In Table 2, LSR-w represents the baseline model using only word pieces. DyVo consistently outperforms it. Notably, the Generative approaches (Mixtral and GPT-4) yield the highest scores, proving that using LLMs to infer relevant entities is more powerful than simple entity linking.

The Problem of Entity Collapse

Training these models wasn’t without challenges. One fascinating insight from the paper is the phenomenon of Entity Representation Collapse.

Because the entity embeddings come from a different source (e.g., Wikipedia2Vec or LaQue) than the trained BERT word embeddings, they live in different vector spaces. During the early stages of training, the model struggles to balance the two.

Figure 3: A graph showing entity representation collapse. The top graph shows the number of active entities dropping to zero around log step 10.

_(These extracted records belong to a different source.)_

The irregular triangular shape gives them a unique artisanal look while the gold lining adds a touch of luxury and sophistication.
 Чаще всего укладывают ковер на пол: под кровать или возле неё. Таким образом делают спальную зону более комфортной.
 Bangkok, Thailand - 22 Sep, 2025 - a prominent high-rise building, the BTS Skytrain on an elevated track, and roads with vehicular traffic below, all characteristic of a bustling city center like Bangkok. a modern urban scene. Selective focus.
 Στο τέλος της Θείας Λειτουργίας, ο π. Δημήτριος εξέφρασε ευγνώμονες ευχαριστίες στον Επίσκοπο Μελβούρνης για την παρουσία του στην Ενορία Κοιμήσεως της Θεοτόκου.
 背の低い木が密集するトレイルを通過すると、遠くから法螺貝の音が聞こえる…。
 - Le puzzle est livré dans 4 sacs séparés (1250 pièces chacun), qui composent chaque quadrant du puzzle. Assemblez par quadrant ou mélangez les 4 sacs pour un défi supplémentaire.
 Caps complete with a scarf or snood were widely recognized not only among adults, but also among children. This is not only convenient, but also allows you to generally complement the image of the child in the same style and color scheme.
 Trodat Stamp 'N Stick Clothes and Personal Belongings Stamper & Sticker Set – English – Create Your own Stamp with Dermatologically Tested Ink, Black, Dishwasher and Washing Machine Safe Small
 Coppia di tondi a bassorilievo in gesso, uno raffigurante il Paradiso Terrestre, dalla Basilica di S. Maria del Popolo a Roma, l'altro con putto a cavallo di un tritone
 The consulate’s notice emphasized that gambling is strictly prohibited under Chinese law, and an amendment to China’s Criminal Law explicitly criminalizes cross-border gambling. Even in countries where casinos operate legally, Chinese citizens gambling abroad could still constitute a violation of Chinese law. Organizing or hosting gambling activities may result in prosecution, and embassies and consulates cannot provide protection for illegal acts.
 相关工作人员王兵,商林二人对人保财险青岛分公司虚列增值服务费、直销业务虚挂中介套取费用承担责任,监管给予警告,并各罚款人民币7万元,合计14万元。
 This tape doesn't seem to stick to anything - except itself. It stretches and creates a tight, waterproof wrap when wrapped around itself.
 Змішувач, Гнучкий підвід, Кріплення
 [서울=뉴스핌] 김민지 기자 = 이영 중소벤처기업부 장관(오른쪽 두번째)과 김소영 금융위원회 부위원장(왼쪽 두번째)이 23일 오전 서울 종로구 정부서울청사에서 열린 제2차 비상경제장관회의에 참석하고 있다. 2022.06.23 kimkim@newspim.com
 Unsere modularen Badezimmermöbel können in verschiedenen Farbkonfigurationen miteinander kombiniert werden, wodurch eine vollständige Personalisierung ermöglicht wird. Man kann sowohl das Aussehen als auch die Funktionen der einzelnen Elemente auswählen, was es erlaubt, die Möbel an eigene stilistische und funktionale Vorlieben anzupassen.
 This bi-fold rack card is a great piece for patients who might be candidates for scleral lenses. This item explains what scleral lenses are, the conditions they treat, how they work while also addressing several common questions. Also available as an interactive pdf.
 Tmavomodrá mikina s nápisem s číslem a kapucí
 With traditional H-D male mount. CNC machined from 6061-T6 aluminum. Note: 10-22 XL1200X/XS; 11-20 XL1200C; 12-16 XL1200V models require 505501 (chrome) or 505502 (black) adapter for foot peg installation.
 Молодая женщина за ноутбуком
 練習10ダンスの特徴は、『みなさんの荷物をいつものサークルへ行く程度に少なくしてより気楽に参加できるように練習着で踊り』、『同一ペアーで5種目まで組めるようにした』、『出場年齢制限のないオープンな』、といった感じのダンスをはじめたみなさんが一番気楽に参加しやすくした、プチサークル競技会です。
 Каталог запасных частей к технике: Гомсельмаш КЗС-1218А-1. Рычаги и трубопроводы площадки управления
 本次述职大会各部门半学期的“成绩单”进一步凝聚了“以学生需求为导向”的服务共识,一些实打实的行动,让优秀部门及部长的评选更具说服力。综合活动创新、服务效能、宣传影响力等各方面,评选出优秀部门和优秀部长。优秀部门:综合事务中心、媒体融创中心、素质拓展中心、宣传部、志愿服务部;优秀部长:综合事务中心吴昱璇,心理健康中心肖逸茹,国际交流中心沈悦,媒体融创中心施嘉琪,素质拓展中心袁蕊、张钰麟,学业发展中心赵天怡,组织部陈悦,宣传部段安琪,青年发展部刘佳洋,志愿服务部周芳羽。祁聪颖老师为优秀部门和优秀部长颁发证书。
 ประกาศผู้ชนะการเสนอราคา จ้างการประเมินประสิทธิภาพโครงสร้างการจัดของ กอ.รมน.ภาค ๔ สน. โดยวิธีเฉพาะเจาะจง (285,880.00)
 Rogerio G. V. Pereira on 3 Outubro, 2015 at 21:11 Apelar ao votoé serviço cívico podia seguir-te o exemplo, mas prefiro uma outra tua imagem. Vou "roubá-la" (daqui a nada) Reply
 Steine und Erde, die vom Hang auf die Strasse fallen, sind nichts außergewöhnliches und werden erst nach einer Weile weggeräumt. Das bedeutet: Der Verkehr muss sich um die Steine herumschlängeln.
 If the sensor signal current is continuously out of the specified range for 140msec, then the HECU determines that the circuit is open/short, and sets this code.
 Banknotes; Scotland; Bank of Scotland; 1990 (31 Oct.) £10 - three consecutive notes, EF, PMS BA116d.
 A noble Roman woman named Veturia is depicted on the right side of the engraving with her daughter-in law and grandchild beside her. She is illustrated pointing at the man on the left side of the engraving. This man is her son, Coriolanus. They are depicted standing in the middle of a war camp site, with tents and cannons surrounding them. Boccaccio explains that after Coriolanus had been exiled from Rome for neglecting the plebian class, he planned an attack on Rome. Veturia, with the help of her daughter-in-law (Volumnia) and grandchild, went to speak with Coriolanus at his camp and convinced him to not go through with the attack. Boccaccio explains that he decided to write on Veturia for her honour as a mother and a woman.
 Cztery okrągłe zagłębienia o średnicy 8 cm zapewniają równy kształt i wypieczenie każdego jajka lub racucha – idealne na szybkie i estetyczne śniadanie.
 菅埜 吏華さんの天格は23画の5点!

As shown in Figure 3, without careful tuning, the model might decide to suppress the entities entirely, pushing their weights to zero (the sharp drop in the top graph). Once the weights hit zero, the ReLU activation kills the gradient, and the entity head “dies”—it stops learning forever.

The researchers solved this by introducing the learnable scaling factor \(\lambda_{ent}\) mentioned in the math section, which helps stabilize the magnitudes of the two different vector spaces.

Does the Embedding Type Matter?

The researchers also asked: How should we represent the entities? They tested several embedding types:

  • Token Aggregation: Just averaging the word embeddings of the entity’s name.
  • Wikipedia2Vec: Pre-trained static embeddings.
  • LaQue / BLINK: Advanced transformer-based entity encoders.

While advanced encoders like BLINK provided the best performance, even the simple Wikipedia2Vec embeddings provided a significant boost over the baseline. This suggests that simply having unique dimensions for entities is the primary driver of success, rather than the specific nuance of the embedding vector.

Conclusion and Implications

DyVo represents a significant step forward in bridging the gap between lexical search (matching words) and semantic search (matching concepts). By treating Wikipedia entities as a dynamic extension of the model’s vocabulary, DyVo allows search engines to:

  1. Disambiguate complex terms (US vs. us).
  2. Update knowledge easily (by updating the entity database without re-training the whole model).
  3. Leverage LLMs for reasoning while keeping the efficiency of sparse retrieval (inverted indexes).

For students and researchers in Information Retrieval, DyVo illustrates a powerful design pattern: Decoupling the vocabulary from the model architecture. We are no longer limited to the tokens our model was pre-trained on; we can dynamically inject world knowledge precisely where it is needed.